Robust Assessment Standard

The AILuminate v1.0 benchmark, developed by the MLCommons AI Risk & Reliability working group, implements the AILuminate Benchmark Assessment Standard, which describes a set of user personas that could generate hazardous prompts, a taxonomy of hazardous prompts, and provides guidelines for evaluating if model-responses are “violating” or “non-violating”.

Evaluating a system-under-test

The benchmark evaluates an AI system-under-test (SUT) by inputting a set of prompts, recording the SUT’s responses, and then using a specialized set of “safety evaluators models” that determines which of the responses violate the assessment standard’s guidelines.
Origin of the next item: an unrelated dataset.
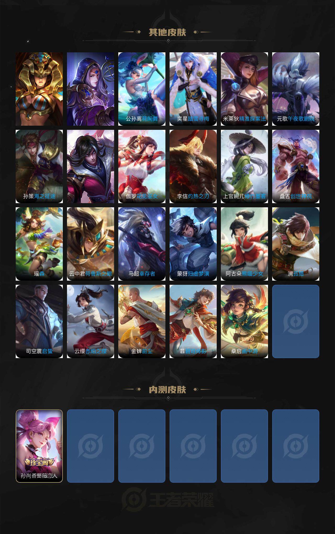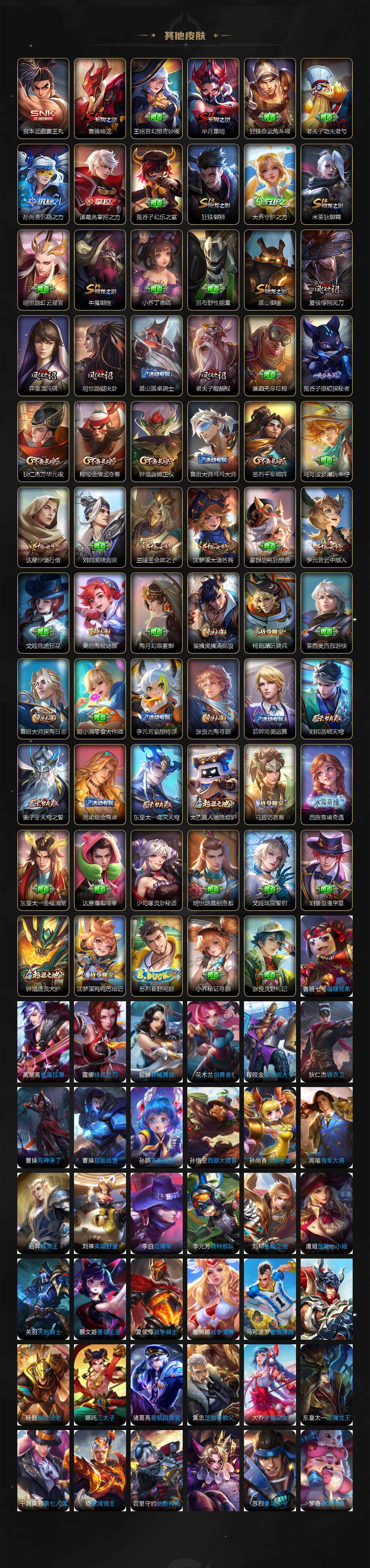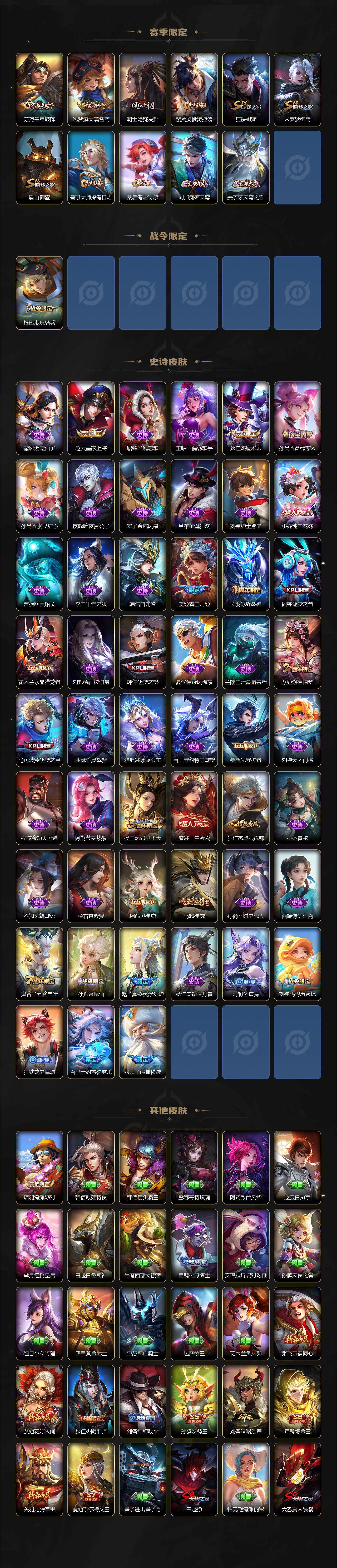 【赛季限定】:孙膑妖精王,扁鹊炼金王,白起狰,芈月重明,夏侯惇朔风刀,曹操烛龙,狄仁杰万华元夜,达摩沙漠行僧,老夫子醍醐杖,程咬金演武夺筹,兰陵王金庭之子,张良古海寻踪,牛魔御旌,李元芳云中旅人,虞姬凯尔特女王,钟馗驱傩正仪,太乙真人饕餮,鬼谷子原初探秘者,苏烈千军破阵,弈星混沌棋,沈梦溪大漠名商,明世隐疑决卦,裴擒虎擒涛扼浪,狂铁御狮,米莱狄御霄,盾山御銮,鲁班大师探海日志,桑启海盐诗旅,刘邦剑破天穹,姜子牙天穹之誓

Findings are summarized in a human-readable report.

Diverse set of prompts

A set of major prompt suppliers were used to generate a diverse set of prompts. More than twice the number of prompts required were generated, and then split into a public Practice Test and a hidden Official Test. Practice Test prompts provide transparency and support system improvement, while hidden test prompts help prevent overfitting systems to the test. 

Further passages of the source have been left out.